Formules verpleegkundig rekenen

Er zijn heel veel formules die je bij verpleegkundig rekenen nodig hebt. Die zetten wij allemaal op een rijtje, zodat je ze niet allemaal apart hoeft op te zoeken. Het is namelijk erg lastig om deze allemaal uit je hoofd te leren voor die ‘’verschrikkelijke’’ toets. Echter moet je de formules wel goed beheersen, want fouten in je berekening kunnen eventueel grote gevolgen hebben voor de patiënten. De basis van het rekenen moet je ook goed beheersen, want je moet ook om kunnen rekenen en kunnen rekenen met procenten. Beheers je dit goed, dan zal het makkelijker zijn om de formules goed toe te passen.

Inhoudsopgave


Verpleegkundig rekenen procenten

Rekenen met procenten wordt altijd gevraagd bij medisch rekenen. Het wordt voornamelijk gevraagd bij het berekenen van verhoudingen van bepaalde stoffen of medicijnen. Er wordt dan aangegeven hoe groot het deel van een geheel is, dus zoveel procent van een stof is aanwezig in een medicijn.
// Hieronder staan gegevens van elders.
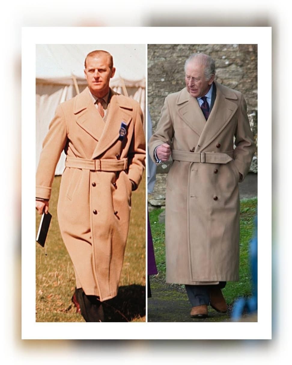 Не только традиции передаются по наследству в британской королевской семье. Недавно Карла III заметили в пальто, которое он, судя по всему, донашивает за своим отцом, принцем Филиппом. Предмету гардероба, между прочим, уже не менее шести десятков лет.
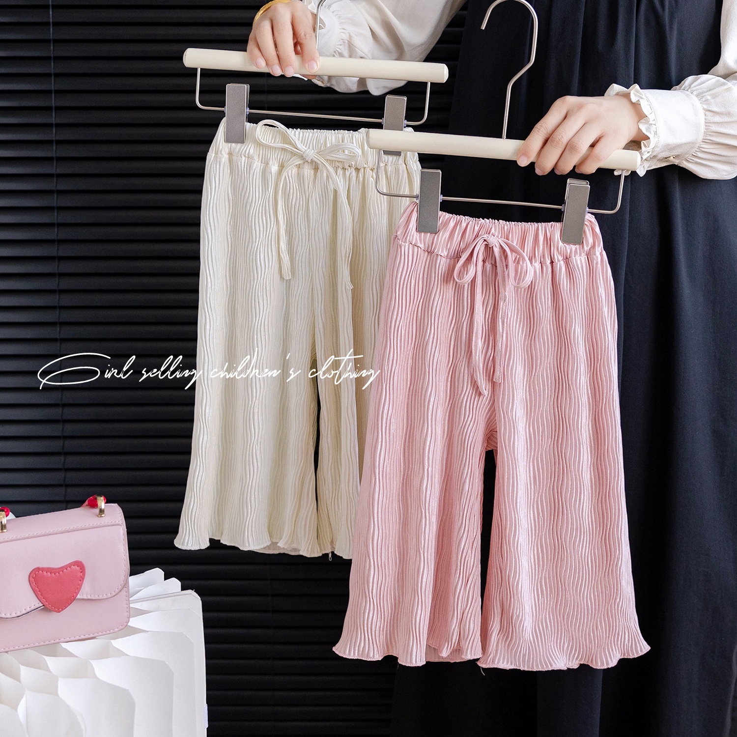 아기 소녀의 여름 얼음 실크 흔들리는 바지 소녀 여름 한국 스타일 서양식 넓은 다리 바지 어린이 유행 시원한 여름 착용스토어 가기

Je moet je goed voorbereiden op de toets verpleegkundig rekenen. Het is dan handig om de basis van het rekenen goed onder de knie te hebben. Procenten is daar een groot onderdeel van, maar hoe reken je met procenten? Een procent geeft een indicatie van de hoeveelheid van een bepaalde stof die in een oplossing zit. Als er in de opdracht gegeven wordt dat er 1% KCL - oplossing is, dan zit er 10 mg/ml KCL in die oplossing. Ga je dit vergroten met 10% dan wordt het 100 mg/ml KCL in de oplossing. Dit soort vragen komen vaak voor in verhaaltjes vorm, zodat ze het jou nog lastiger kunnen maken.

Verpleegkundige formules

Er zijn in totaal 9 onderdelen bij medisch rekenen, namelijk oplossen, verdunnen, zuurstof, druppelsnelheden, vochtbalans, perfusor/spuitpomp, dagschema, BMI en vaste medicatie. Deze onderdelen hebben allemaal andere formules die je moet kunnen toepassen. Wij zetten deze 9 onderdelen voor je op een rijtje, zodat je een goed overzicht hebt van de verschillende formules van verpleegkundig rekenen. Per onderdeel staat er een oefenvraag bij. Je kunt dan meteen de geleerde formule toepassen. Deze verpleegkundig rekentoetsen worden vaak door Cito afgenomen en je uitslag krijg je dan direct binnen.

Oplossen

 Bij het oplossen moet je een hoeveelheid stof in een oplossing berekenen. Je berekent dan hoeveel milliliter er van een bepaalde stof in een oplossing zit. De oplossing wordt op verschillende manieren gegeven, dit kan in procenten zijn, maar ook in aantal milligram of milliliter. Daarnaast bestaat er ook nog een internationale eenheid, genaamd IE. Het doel is dat je ziet wat de patiënt voorgeschreven krijgt en wat er aanwezig is in de oplossing. Dit wordt allemaal in de formule weergegeven, Voorschrift (V) / aanwezig per 1 ml (A). Afgekort is dat V/A. Als er een percentage gevraagd wordt, dan is 1%, 10 mg/ml.

Oefenvraag

Je moet een zorgvrager 250 milliliter Euphylline geven. Je hebt een 5% oplossing. Hoeveel ml geef je de patiënt?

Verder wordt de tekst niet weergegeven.